● **WORK TO BE COMPLETED**: The output should hold exactly, and only, the lines from the line bearing "监控室内,工作人员通过摄像头24小时无死角监控天鹅湖。" through the last line of the listing below, and no pictures.

EXCERPTED RECORDS: Begin

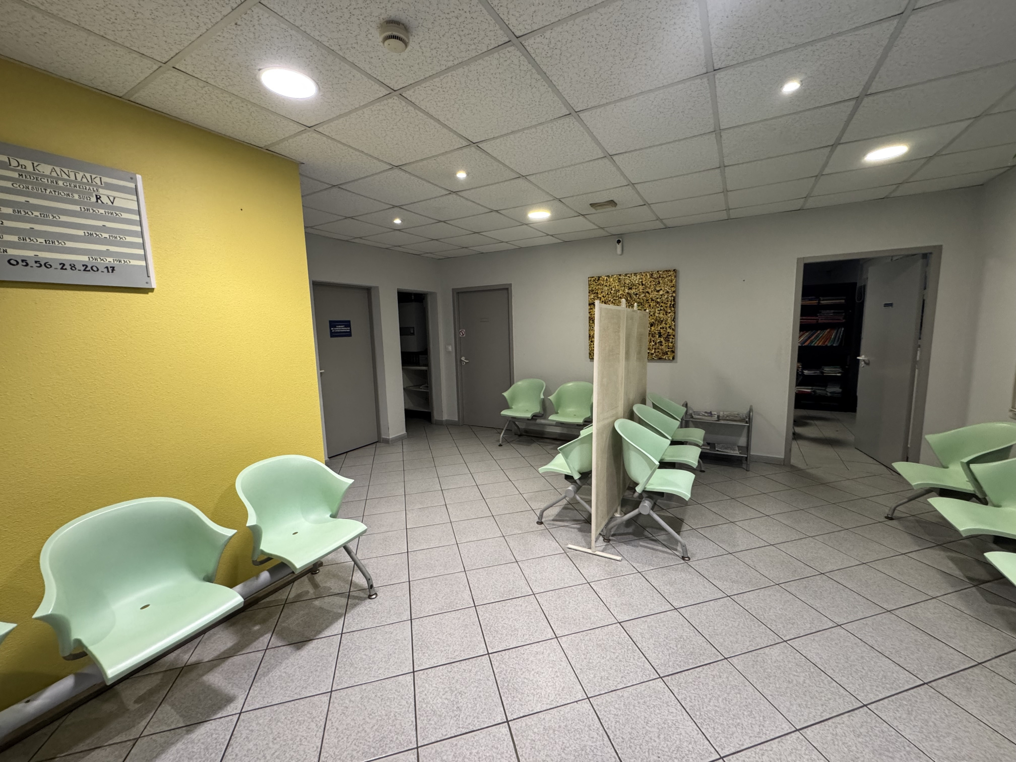 Un parking, une cuisine, une salle d'attente, un jardin sont communs à ce cabinet médical.
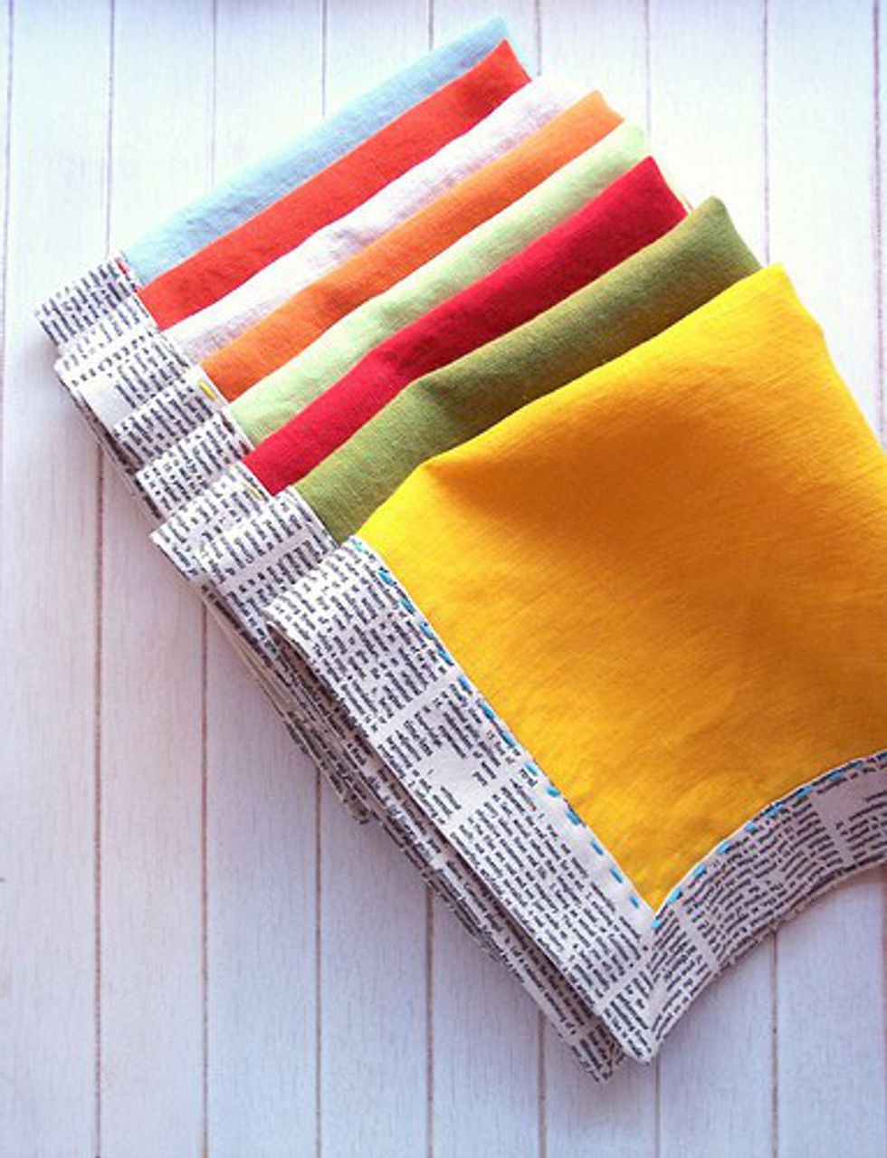 Get some cheap on sale cloth from a craft store, hem the edges, and presto a cheap cloth napkin. I suggest having a few around. If you're like me and only do laundry when you're out of clothes to wear then have more then a few. If you can do laundry every few days you might not need as many. When you do use them you will get rid of the paper napkins themselves and the plastic packaging for them. Then when the cloth wears out they can be dish rags, cleaning rags, dusting rags, and then years later be thrown out.
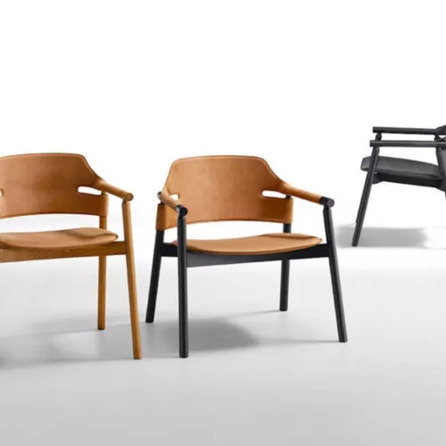 De Suite AP L CU is een stijlvolle loungefauteuil ontworpen voor horeca-omgevingen. Het frame is vervaardigd uit essenhou, beschikbaar in diverse houtkleuren. De zitting en rugleuning zijn bekleed met hoogwaardig leer. Perfect geschikt voor lounges, hotellobby’s en andere stijlvolle interieurs binnen de horecasector.
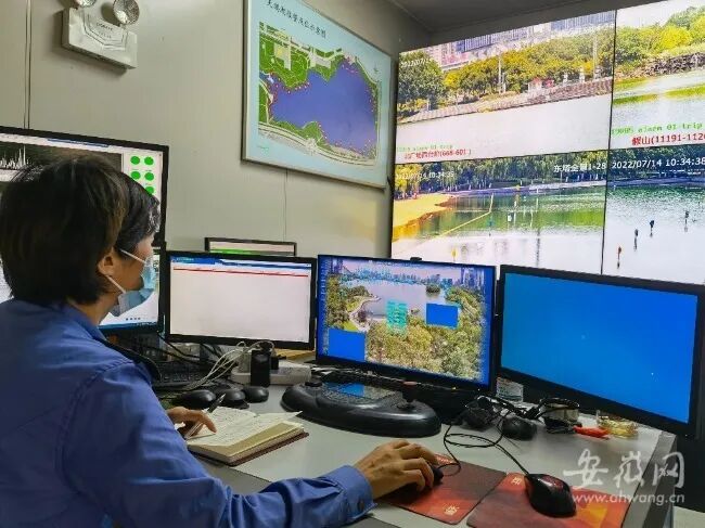 监控室内,工作人员通过摄像头24小时无死角监控天鹅湖。
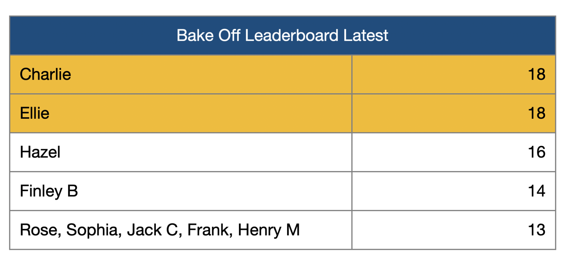 A phenomenal response to this week’s cookie challenge saw 25 entries submitted for week 2 of the Great Chelford Bake Off! This week’s star bakers were once again Ellie and Charlie - for the second week running - who each scored scored a fantastic 9/10. Judges were impressed with the near-perfect colour, texture and taste of their bakes! Congratulations to all who entered - the standard, as always, was extremely high!
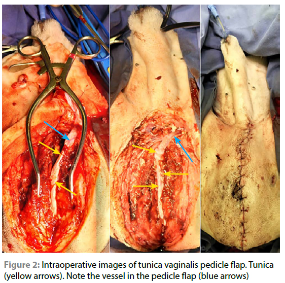 Given the length of the penile urethra that was affected, and the amount of fibrous tissue associated with the urethra and bulb of the penis, a novel technique using a vascularised pedicle graft from the tunica vaginalis after open castration was proposed. The surgery was discussed with the owner who consented to the procedure.

EXCERPTED RECORDS: End

● **WRITTEN ANSWER**:
 监控室内,工作人员通过摄像头24小时无死角监控天鹅湖。
 A phenomenal response to this week’s cookie challenge saw 25 entries submitted for week 2 of the Great Chelford Bake Off! This week’s star bakers were once again Ellie and Charlie - for the second week running - who each scored scored a fantastic 9/10. Judges were impressed with the near-perfect colour, texture and taste of their bakes! Congratulations to all who entered - the standard, as always, was extremely high!
 Given the length of the penile urethra that was affected, and the amount of fibrous tissue associated with the urethra and bulb of the penis, a novel technique using a vascularised pedicle graft from the tunica vaginalis after open castration was proposed. The surgery was discussed with the owner who consented to the procedure.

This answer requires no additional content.